Fonografia Collective is a collaboration between Ruxandra Guidi and Bear Guerra. They believe in empathetic and culturally-sensitive documentary storytelling about everyday people around the world.
Fonografia finds and crafts compelling stories about human rights, politics, the environment, and social issues and shares them with the general public using radio, photography, the printed word, multimedia, public installations and events. Since 2005, Fonografia has been working together to advance a vision of a more inclusive and diverse approach to nonfiction storytelling, focusing on communities and issues across the U.S. and Latin America that are often underrepresented or misunderstood by the mainstream media. Currently based in Los Angeles, Fonografia’s most recent project is a collaboration with public radio station KCRW on a year-long multimedia storytelling series about aging. Explore this project, “Going Gray in LA,” here.
Ruxandra Guidi is a native of Caracas, Venezuela and has fifteen years of experience working in public radio, magazines, and multimedia. She has reported throughout the United States, the Caribbean, South and Central America, as well as Mexico and the US-Mexico border region. After earning an MA in Journalism from UC Berkeley, she worked as a reporter, editor, and producer for NPR’s Latino USA, BBC’s The World, CPB’s Fronteras Desk in San Diego-Tijuana, and KPCC Public Radio’s Immigration and Emerging Communities beat in Los Angeles. She’s also reported extensively throughout South America, having been a freelance foreign correspondent in Bolivia (2007-2009) and Ecuador (2014-2016). She has produced in-depth magazine features, essays, and radio documentaries for the BBC World Service, National Public Radio, Marketplace, Canadian Broadcasting Corporation, National Geographic NewsWatch, The New York Times, The Guardian, and many other magazines and media organizations.
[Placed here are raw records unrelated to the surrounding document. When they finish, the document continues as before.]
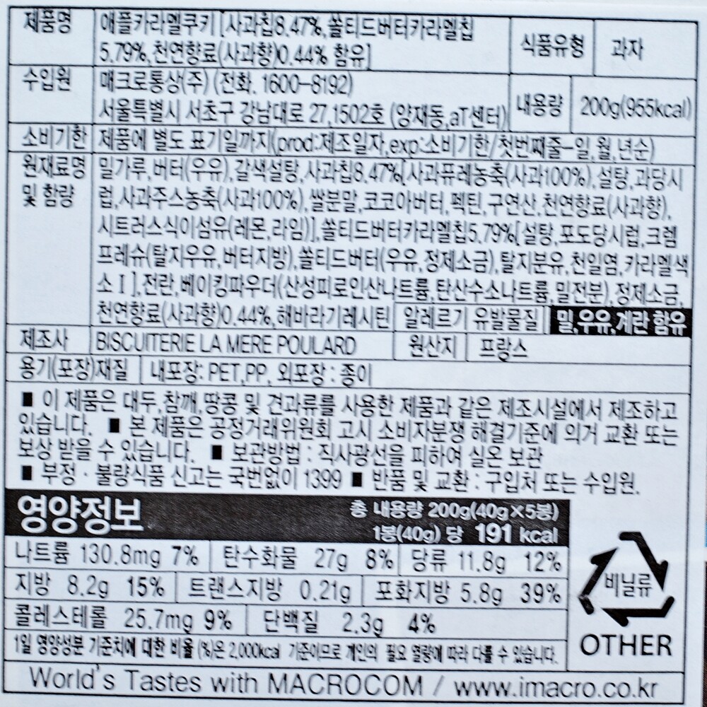 *200g 애플, 초콜릿 쿠키는
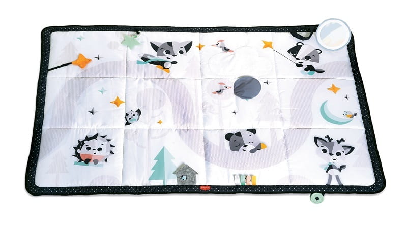 Mata łączy piękne wzornictwo i grafikę sympatycznych leśnych zwierzątek z funkcjonalnością i zawiera wiele interaktywnych elementów jak regulowane, wolnostojące lusterko czy gryzak w kształcie gwiazdki.
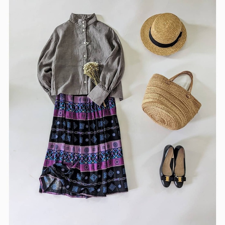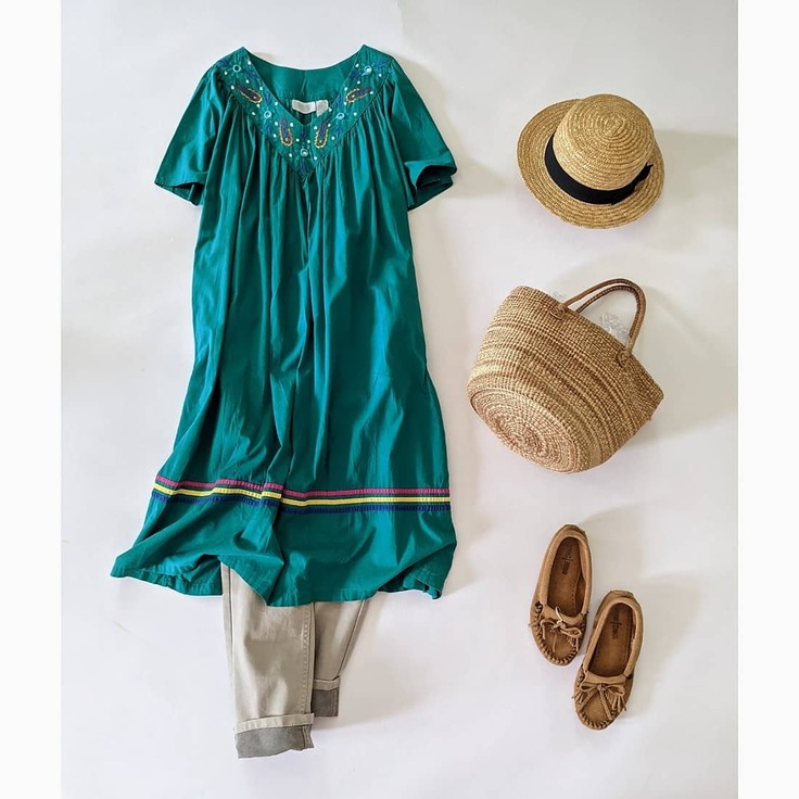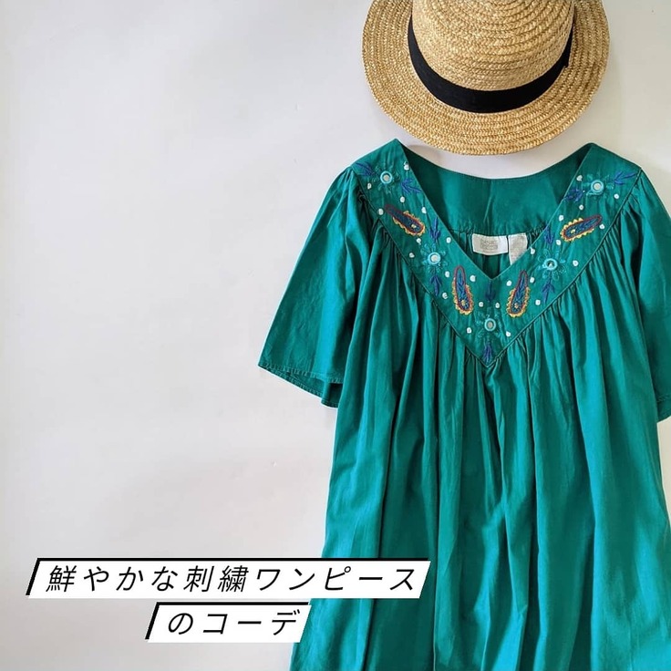 【落ち着いたトーンの夏コーデ/鮮やかな刺繍ワンピコーデ】

Bear Guerra is a photographer whose work addresses globalization, development, and social and environmental justice issues. He was a 2014 Ted Scripps Fellow in Environmental Journalism at the University of Colorado-Boulder, and in 2012, was chosen as a Blue Earth Alliance photographer for his ongoing project La Carretera: Life Along Peru’s Interoceanic Highway. He was a finalist for a National Magazine Award in Photojournalism in 2010, and in 2012 received honorable mention in the 2012 Photocrati Fund competition. His work has received funding from Mongabay, the International Reporting Project, Society of Environmental Journalists, Puffin Foundation, Pulitzer Center for Crisis Reporting, and the Christensen Fund/Project Word. In addition to editorial assignments, he often works on long-term projects, and collaborates with non-profit organizations working for human rights and on environmental issues. His photo essays and images have been published and exhibited widely, both in the United States and abroad, in publications such as the New York Times, Wall Street Journal, Le Monde, The Atlantic, Orion, ProPublica, National Public Radio, BBC, O Magazine, Ms., and many others.